Pictures aside, copy exactly the lines running from the one with "In this area" to the end of the records.

━━━━━━━━━━

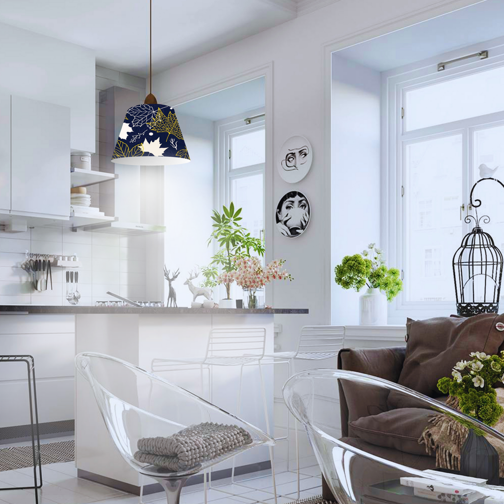 In addition lampshades are available in a variety of patterns and styles to meet the characteristics of your different decorations..It can be placed in living room, bedroom, dining room, island, balcony, study, children's room, corridor, office, library, cafe, etc. Also perfect for narrow spaces.Plug in pendant lighting with cord includes installation instructions, and all accessories needed for installation.H
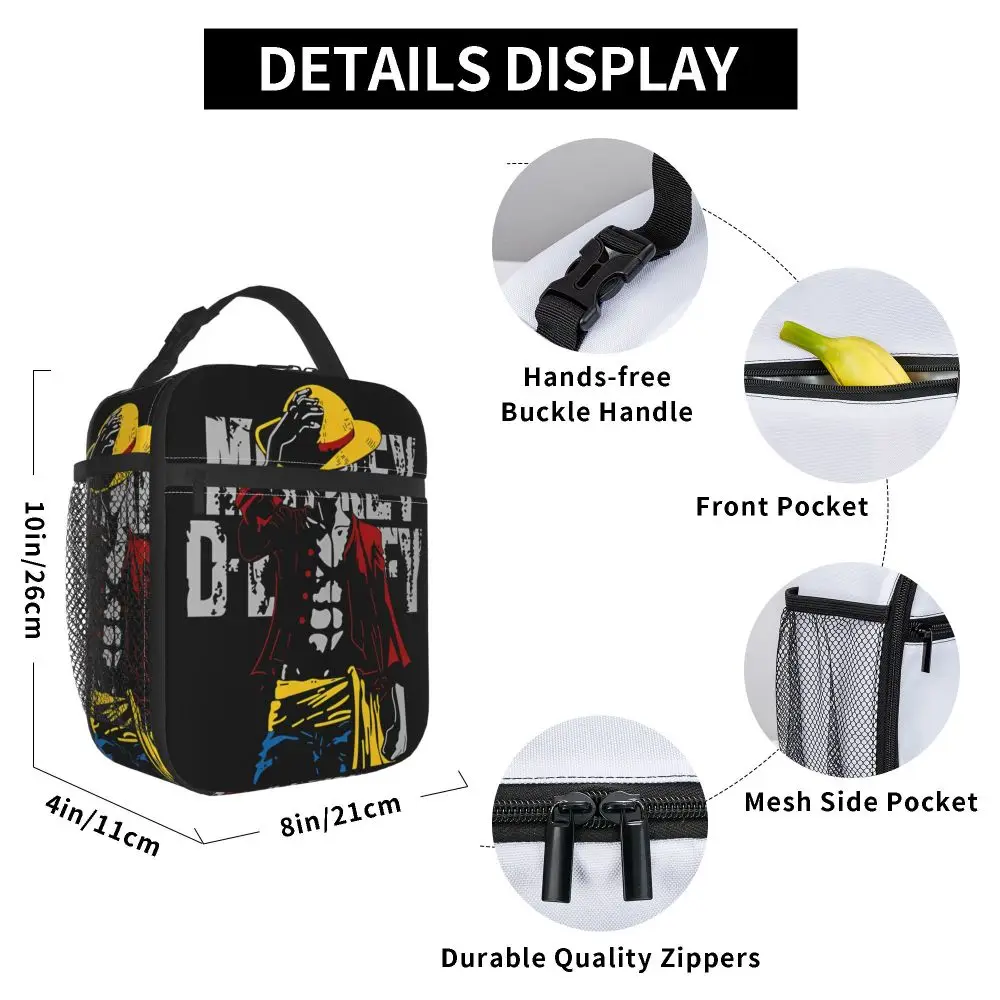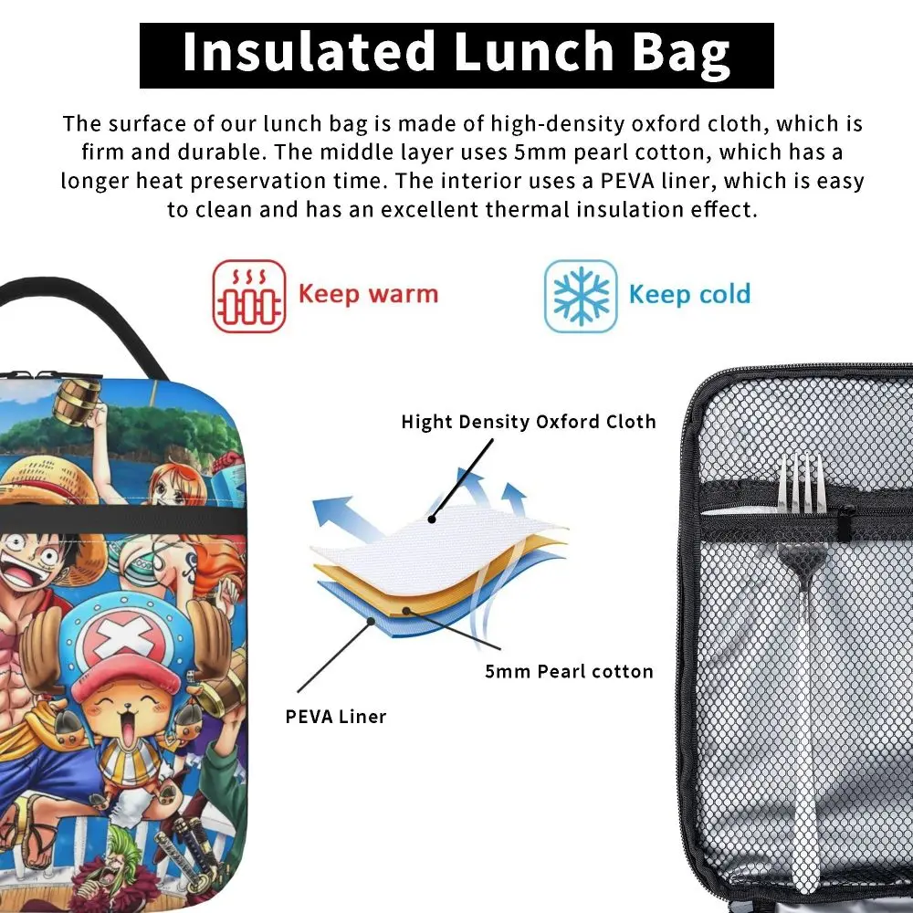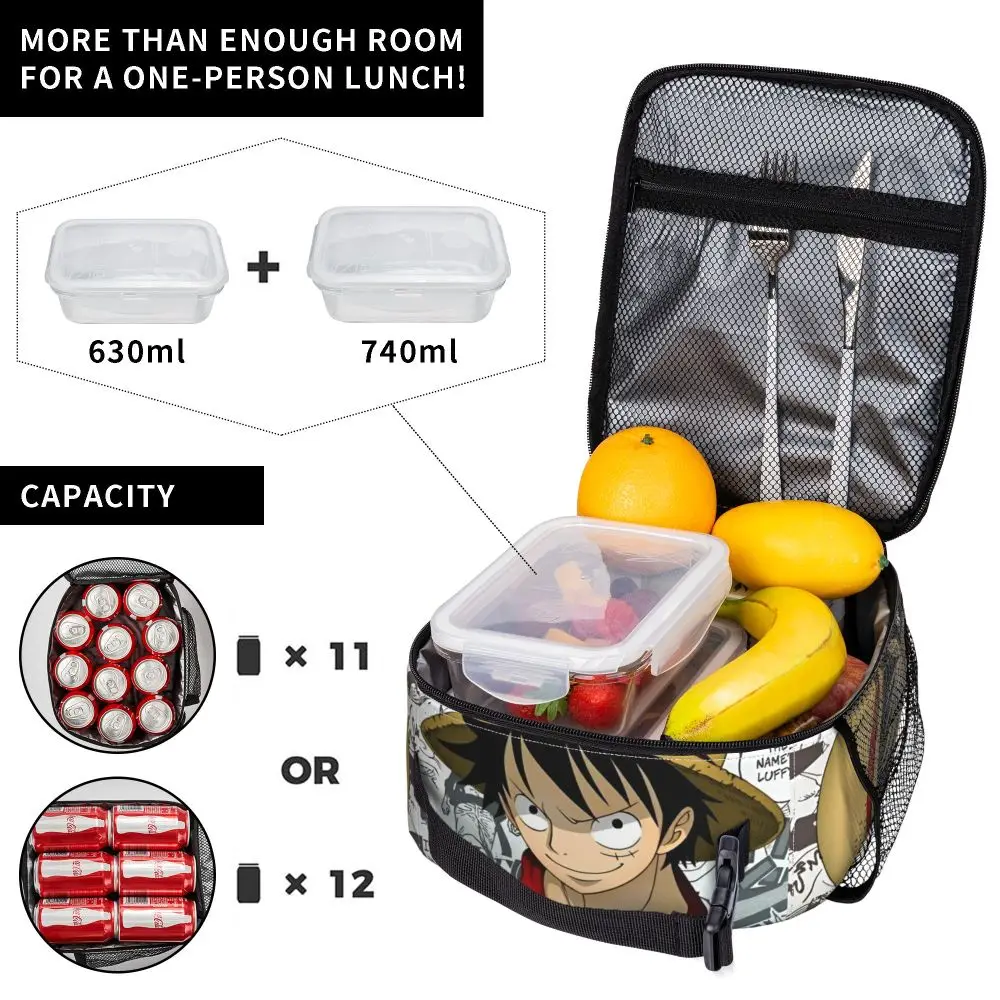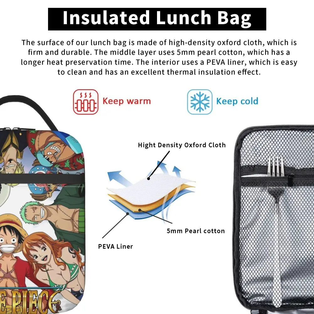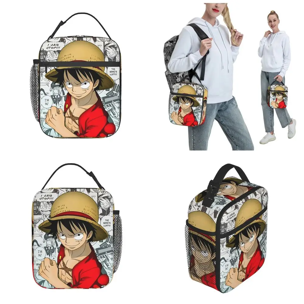 Monkey D. Luffy Anime One Piece Insulated Lunch Bag Leakproof Meal Container Cooler Bag Tote Lunch Box Office Travel Girl Boy
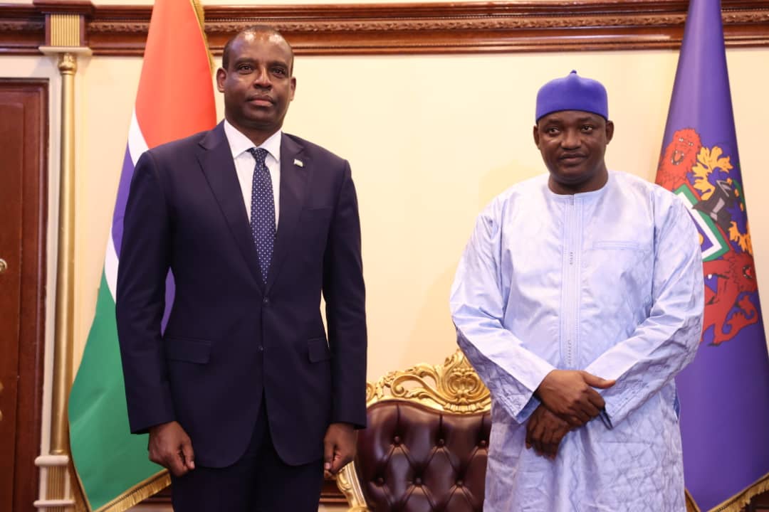 Ambasaderi Jean Pierre KARABARANGA uhagarariye u Rwanda mu Bihugu bya Senegal, Mali, Guinea Bissau, Gambia na Cabo Verde, yashyikirije Adama BARROW, Perezida wa Gambiya, impapuro zimuhesha uburenganzira bwo guhagararira u Rwanda muri Gambia.
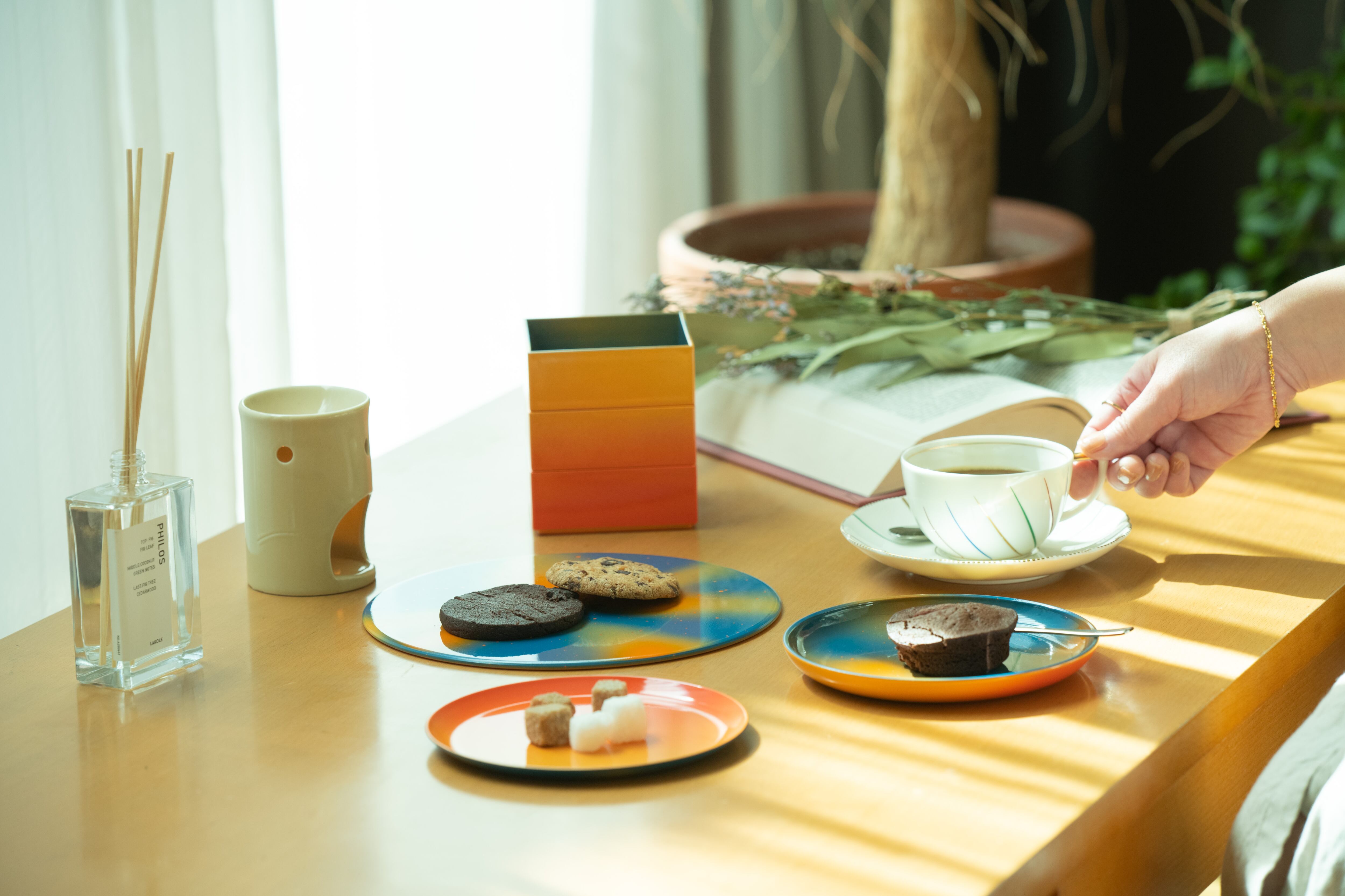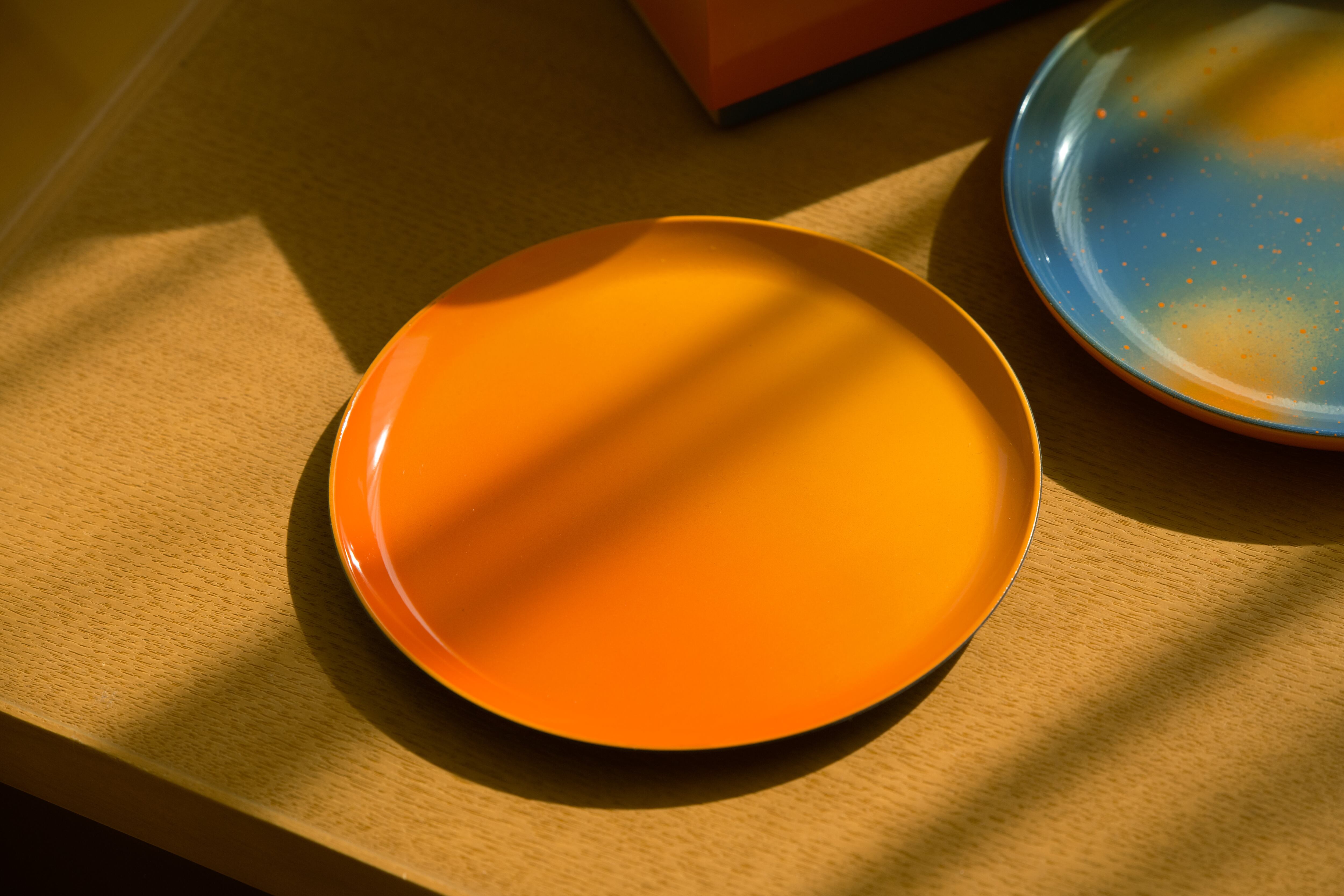 橙のグラデーションを表にした小物置きにも使えるお皿です。
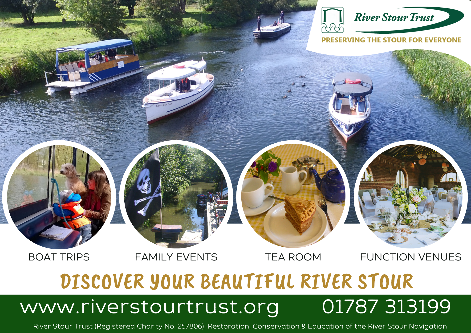 The Granary is a red brick Georgian building that was built in 1807 for the River Stour Navigation Company. This attractive, Grade II listed building was restored by the River Stour Trust in 1989 and is our registered office. Our administrative office is based further along the river at Great Cornard. From Easter until the end of October, the venue is home to our Sudbury Boat Trips and Tea Room.
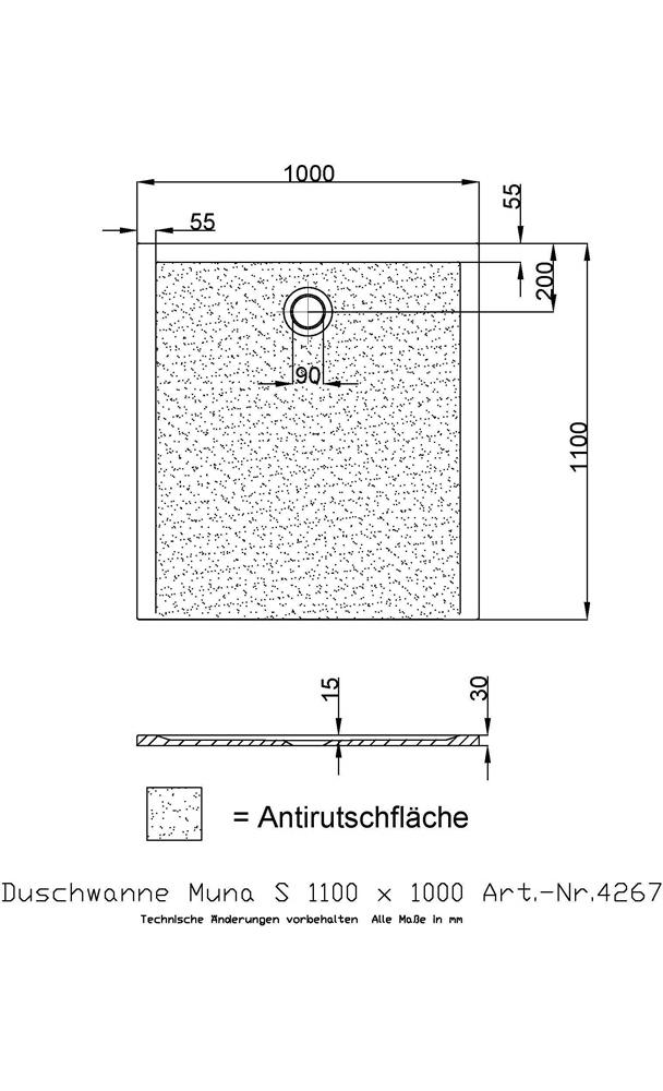 Duschwanne aus dem Material SoliquePRO Tiefe: 15 mm Wannenrandhöhe: 30 mm Abflussdurchmesser: 90 mm Einbauhöhe: 112 - 140 mm Solique ist ein Verbundmaterial aus vor allem Dolomit · Harz sowie Härter. Die Oberfläche besteht aus widerstandsfähigem Gelcoat. SoliquePRO ist eine zusätzliche Oberfläche · die eine Rutschhemmung nach Rutschklasse C ermöglicht.Weitere technische Eigenschaften:
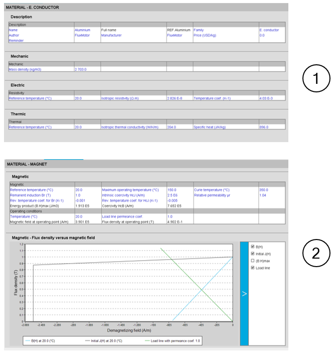 In this area all the physical properties of the material will be shown including the inputs variables, and also the physical properties deduced from the inputs and curves describing the material behavior.
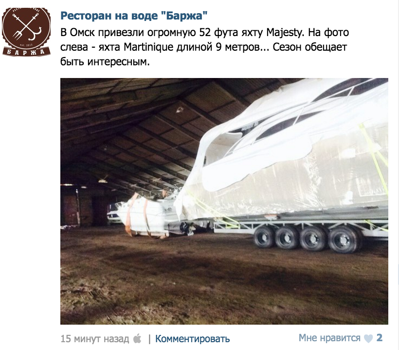 В разгар кризиса в Омск привезли люксовую 52-футовую морскую яхту марки Majesty. Верфь этого бренда находится в Объединенных Арабских Эмиратах. О завозе морского судна, которому, видимо, предстоит бороздить воды Иртыша, сообщается в группе «Ресторан на воде «Баржа».
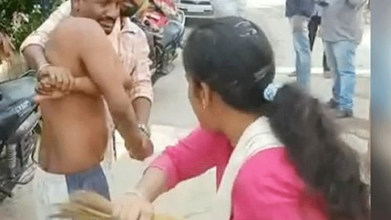 பின்னர், கணவரை சாலையில் இழுத்து வந்து பொதுமக்கள் முன்னிலையில் தாக்கத் தொடங்கினார். அதில் கோபால் அணிந்திருந்த டிரவுசர் கழன்று விழும் அளவுக்கு வெளுத்து வாங்கினார். இதனையடுத்து, இருவரையும் காவல் நிலையத்தில் ஒப்படைத்தார். இது தொடர்பான வீடியோ சமூகவலைதளங்களில் வைரலாகி வருகிறது.
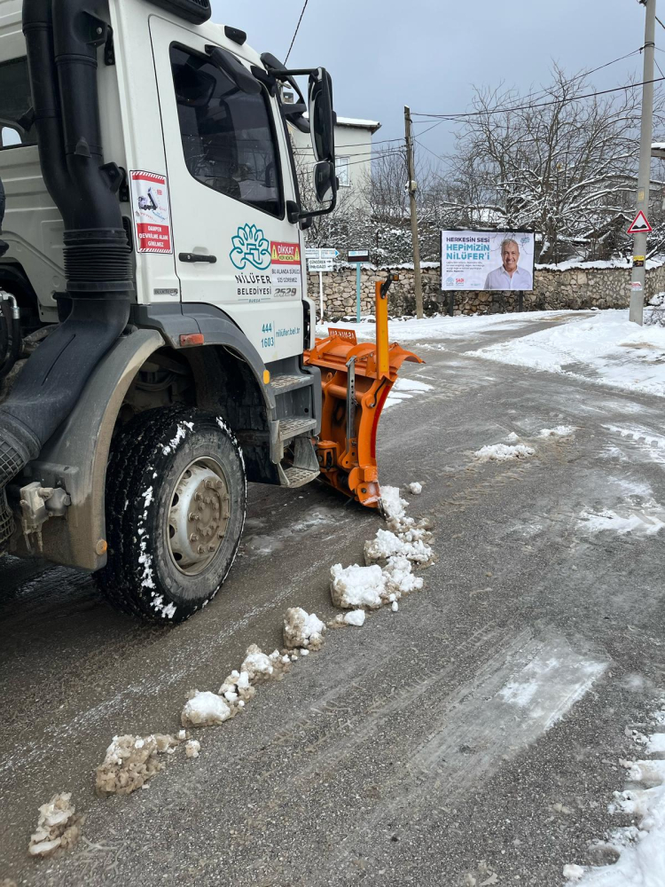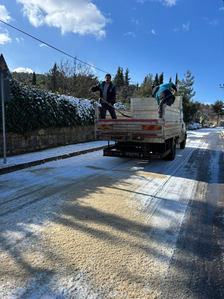 Nilüfer Belediyesi ekipleri, kar yağışı ve soğuk hava nedeniyle ilçe merkezinde ve kırsal mahallelerde buzlanan yolları açmak için seferber oldu.

━━━━━━━━━━

### Output of the exercise
 In this area all the physical properties of the material will be shown including the inputs variables, and also the physical properties deduced from the inputs and curves describing the material behavior.
 В разгар кризиса в Омск привезли люксовую 52-футовую морскую яхту марки Majesty. Верфь этого бренда находится в Объединенных Арабских Эмиратах. О завозе морского судна, которому, видимо, предстоит бороздить воды Иртыша, сообщается в группе «Ресторан на воде «Баржа».
 பின்னர், கணவரை சாலையில் இழுத்து வந்து பொதுமக்கள் முன்னிலையில் தாக்கத் தொடங்கினார். அதில் கோபால் அணிந்திருந்த டிரவுசர் கழன்று விழும் அளவுக்கு வெளுத்து வாங்கினார். இதனையடுத்து, இருவரையும் காவல் நிலையத்தில் ஒப்படைத்தார். இது தொடர்பான வீடியோ சமூகவலைதளங்களில் வைரலாகி வருகிறது.
 Nilüfer Belediyesi ekipleri, kar yağışı ve soğuk hava nedeniyle ilçe merkezinde ve kırsal mahallelerde buzlanan yolları açmak için seferber oldu.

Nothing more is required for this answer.